Due to the intermittent network connectivity in opportunistic mobile networks, data is forwarded in a “carry-and-forward” manner.
Q3. What is the effect of intentional refreshing on the cache freshness of data?
Due to possible version inconsistency among different data copies cached in the DAT, opportunistic refreshing may have some side-effects on cache freshness.
Q4. How many times did the decay of the CCDF of the inter-refreshing time?
Their results show that up to a boundary on the order of several minutes, the decay of the CCDF is well approximated as exponential.
Q5. What is the effect of changing the value of p on the refreshing overhead?
since different values of 𝑝 do not affect the calculation of utilities of data updates, such increase of refreshing overhead is relatively smaller than that of decreasing Δ.Section IV-C shows that the refreshing patterns of web RSS data is temporally skewed, such that the majority of data updates are generated during specific time periods of a day.
Q6. How is the performance of the proposed scheme evaluated?
The performance of their proposed scheme on maintaining cache freshness is evaluated by extensive tracedriven simulations on realistic mobile traces.
Q7. What is the effect of reducing the refreshing delay?

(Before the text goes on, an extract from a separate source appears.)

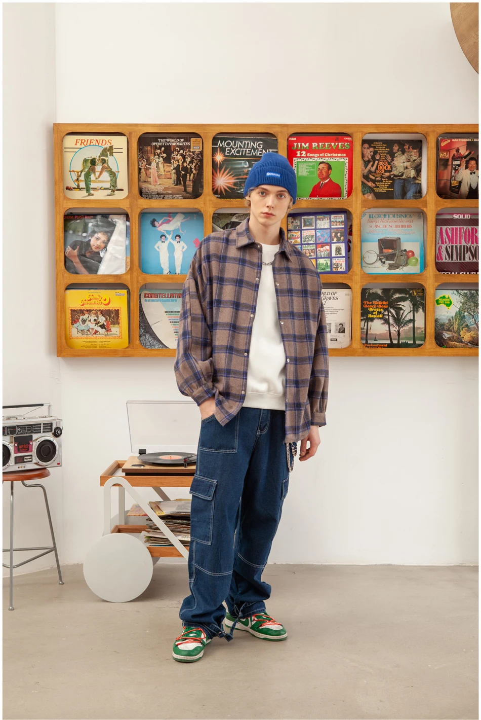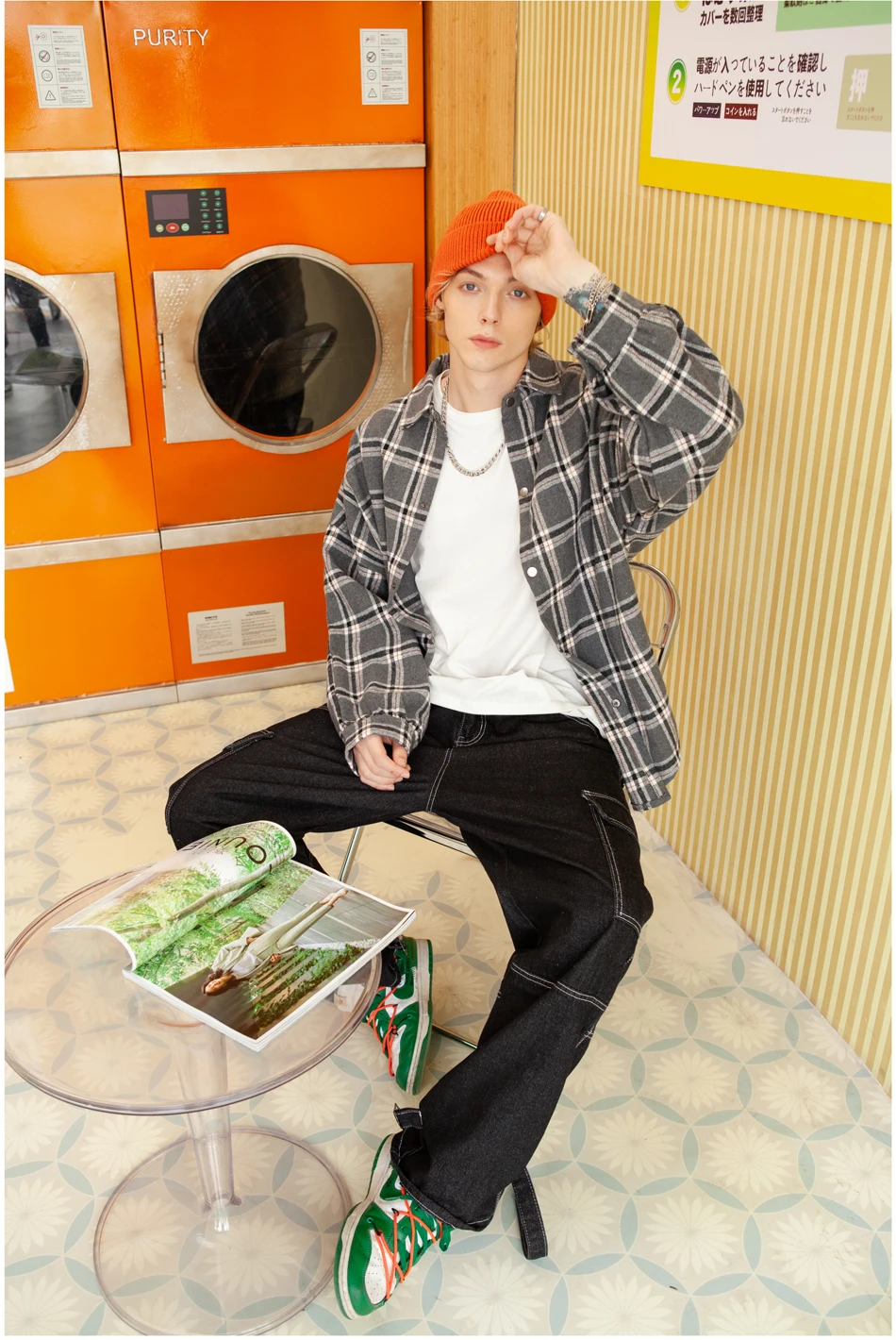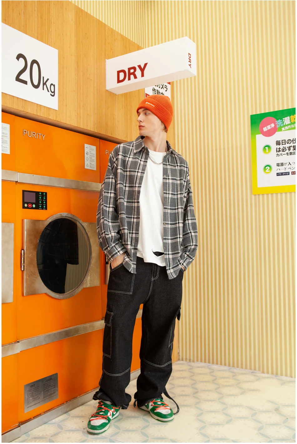 Мужская флисовая куртка в клетку, в стиле харадзюку

From Figure 12 the authors observe that, when the value of Δ is small, the cache freshness is mainly constrained by the network contact capability, and the actual refreshing delay is much higher than the required Δ. Such inability to satisfy the cache freshness requirements leads to more replications of data updates as described in Section V-B, and makes caching nodes more prone to perform opportunistic refreshing.